Tak bisakah dirimu berhenti mencari? Bila kau selalu mencari. Sebaik apapun yang sudah kau genggam --tidak akan pernah cukup bagimu.

            Sore itu, ia teguhkan hatinya untuk kembali melakukan sesuatu yang  sudah lama ia ikrarkan dalam hati; untuk tidak mengharap kembali. Meskipun Via tidak pernah benar-benar melupakan lelaki yang begitu sangat dicintainya sejak duduk di bangku kelas satu SMA. Bahkan, tidak ingin ia bermaksud melupakan Elang. Meski sekian lama tik tak waktu berlalu, detik menjadi masa lalu, maupun detak jantung yang menerus lari menuju lelaki itu.
Bagaimana mungkin dirinya merasa ingin melupa, sedang nomor ponsel Elang masih saja dirinya rawat dalam backup-an setiap akun sosial media miliknya.
Dan hatinya kali ini membawa dirinya kembali pada memori dan harapan pada Elang. Tapi ...?
Bayangan lelaki yang Via harap-harapkan itu tidak lagi berada di tempatnya dahulu; dalam relung kalbu.

             Perempuan lemah sepertiku, wajar, bila aku khawatir akan hari-hari yang baru. Karena hati ini masih hati yang lama --yang sudah lama menyimpan satu nama. "Siapkah aku jatuh cinta lagi?!" bisik hati kecilnya.
Aku tak tahu.
Hari esok itu bagai raksasa, dirinya merasa tidak berani menghadapinya, dirinya tidak berani membayangkannya. Manakala di masa depan ada cinta yang disediakan untuk dirinya; cinta yang baru. Pun, Via tidak berani menghadapi cinta yang baru. Via masih begitu nyaman sama yang lama.

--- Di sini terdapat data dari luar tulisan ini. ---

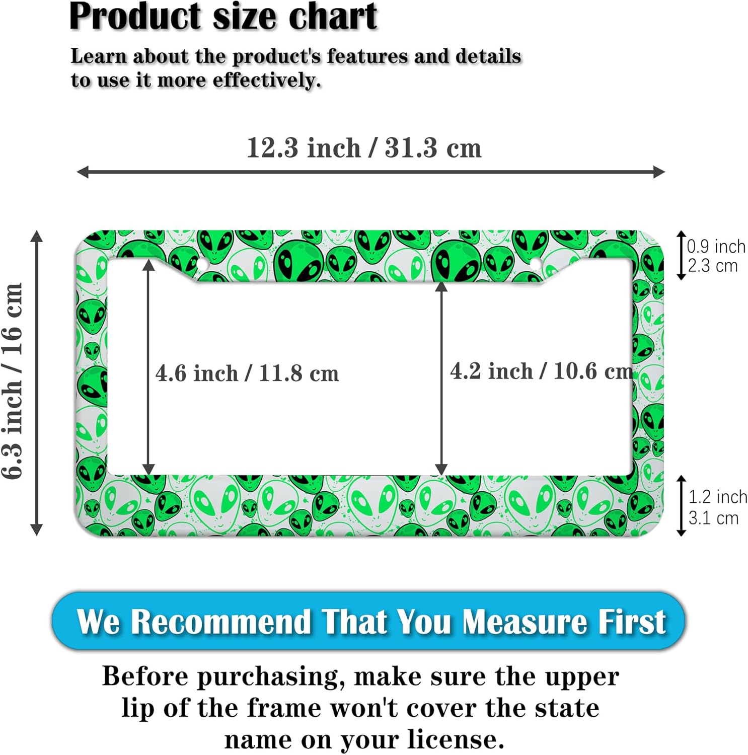 - STANDARD FRAME SIZE: Ensure a perfect fit by checking the dimensions to avoid covering your state name. These frames are specifically designed to fit standard American license plates measuring approximately 12.3" x 6.3" (16 x 31 cm). for most license plates in the U.S.

              Awalnya, kuyakini yang aku rasakan adalah cinta mati. Berangsur, rasa itu luntur. Laun, diriku seakan tidak peduli dengan apa-apa yang dahulu kuanggap sebagai sebuah harap.
Kini ... aku tidak lagi tergiur!
Kita telah asing dari kemasing-masingan. Kita sibuk dengan keseharian yang kita anggap begitu penting untuk hidup kita. Sehingga, sebuah sapa hanya bisa geming di dalam bathin.
Dan diriku barulah tersadar setelah sekian lamanya perasaanku terdampar di sebuah lembah cinta yang teramat hambar.
Namun, keyakinan yang aku miliki goyah, sesaat teringat kembali akan kata-kata yang pernah Tante Fania tegaskan menyoal perasaan.
"Jika cinta mematahkan hatimu, tidak pantas kamu membenci cinta.
Bencilah dirimu sendiri karena terlalu menggantungkan harapan pada cinta itu".

              Sekarang ..., aku tidak dapat lagi menjadi teduhmu, tidak dapat lagi menjadi angin sejukmu, tidak dapat lagi menjadi deburan ombak lembut yang menenangkanmu.
Kini aku hanyalah badai petir --angin kencang yang siap meluluhlantahkan segala.
Jika kau mencari aku yang dulu, tanyakan pada dirimu. Di mana kau membungnya? Bagaimana kau mengabaikannya? Dan, semudah apa kau meninggalkannya?